──────── DATASET EXTRACT ────────

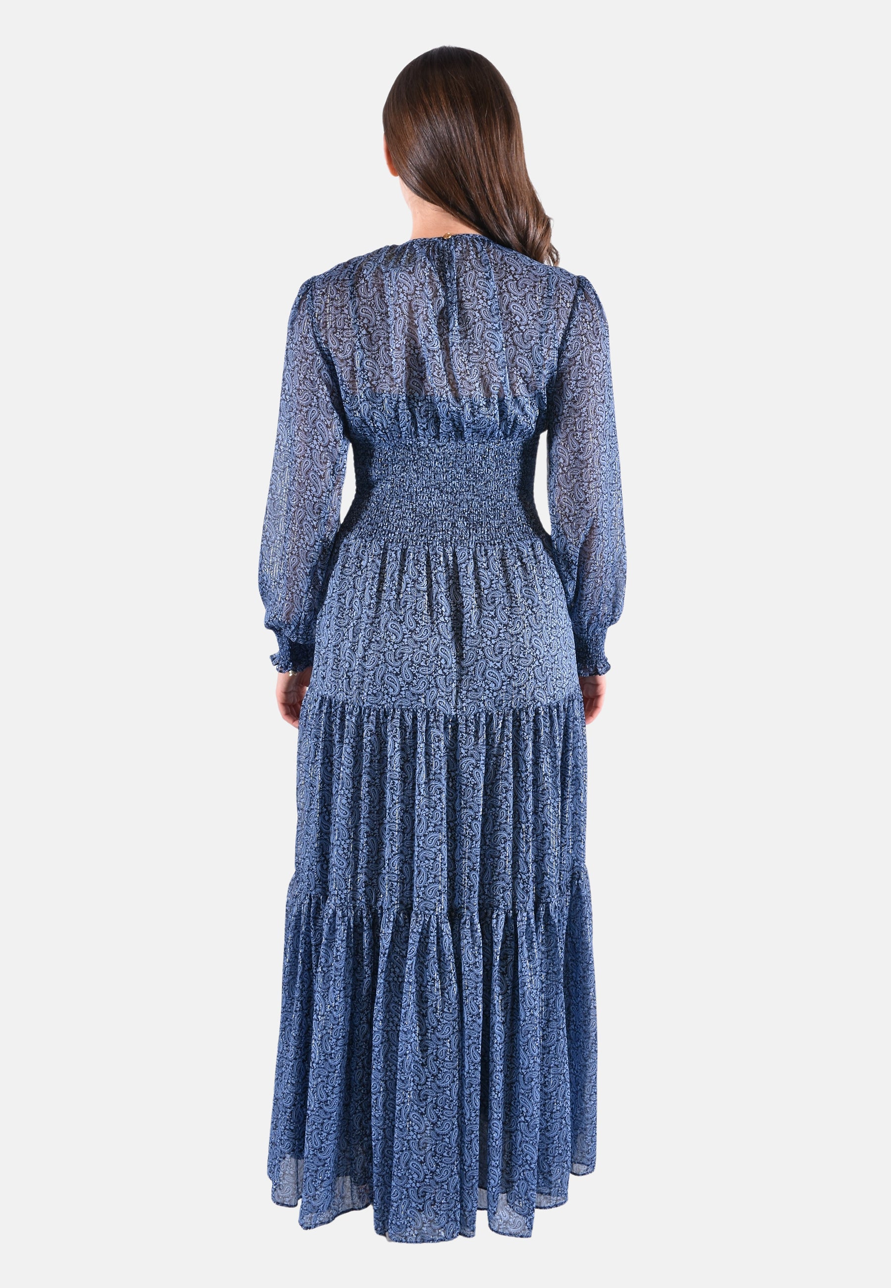 Il motivo paisley valorizza questo maxi abito in georgette. L'arricciatura in vita e sulle maniche definisce la silhouette casual, mentre la gonna a balze conferisce un movimento morbido. Completa il look con una borsa con frange e scarpe con tacco per un fascino bohémien.
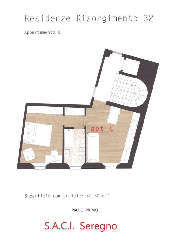 Appartamento posto al piano primo in palazzina di sole 5 unità abitative così composto: Ingresso, soggiorno/cottura, 2 bagni e due camere da letto, possibilità di box ad € 18.000,00.
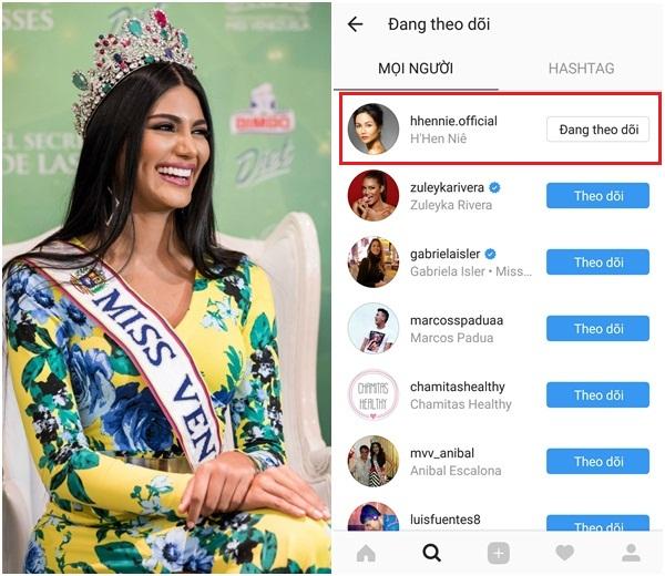 Đại diện Venezuela tại Miss Universe 2018 - Sthefany Gutiérrez - bấm nút "theo dõi" H'Hen Niê.

────────

_ASSIGNMENT:_
Beginning with the line where "Appartamento posto al" appears, restate word for word every line down to the last one in the data, but keep the pictures out.

_SOLVED PROBLEM:_
 Appartamento posto al piano primo in palazzina di sole 5 unità abitative così composto: Ingresso, soggiorno/cottura, 2 bagni e due camere da letto, possibilità di box ad € 18.000,00.
 Đại diện Venezuela tại Miss Universe 2018 - Sthefany Gutiérrez - bấm nút "theo dõi" H'Hen Niê.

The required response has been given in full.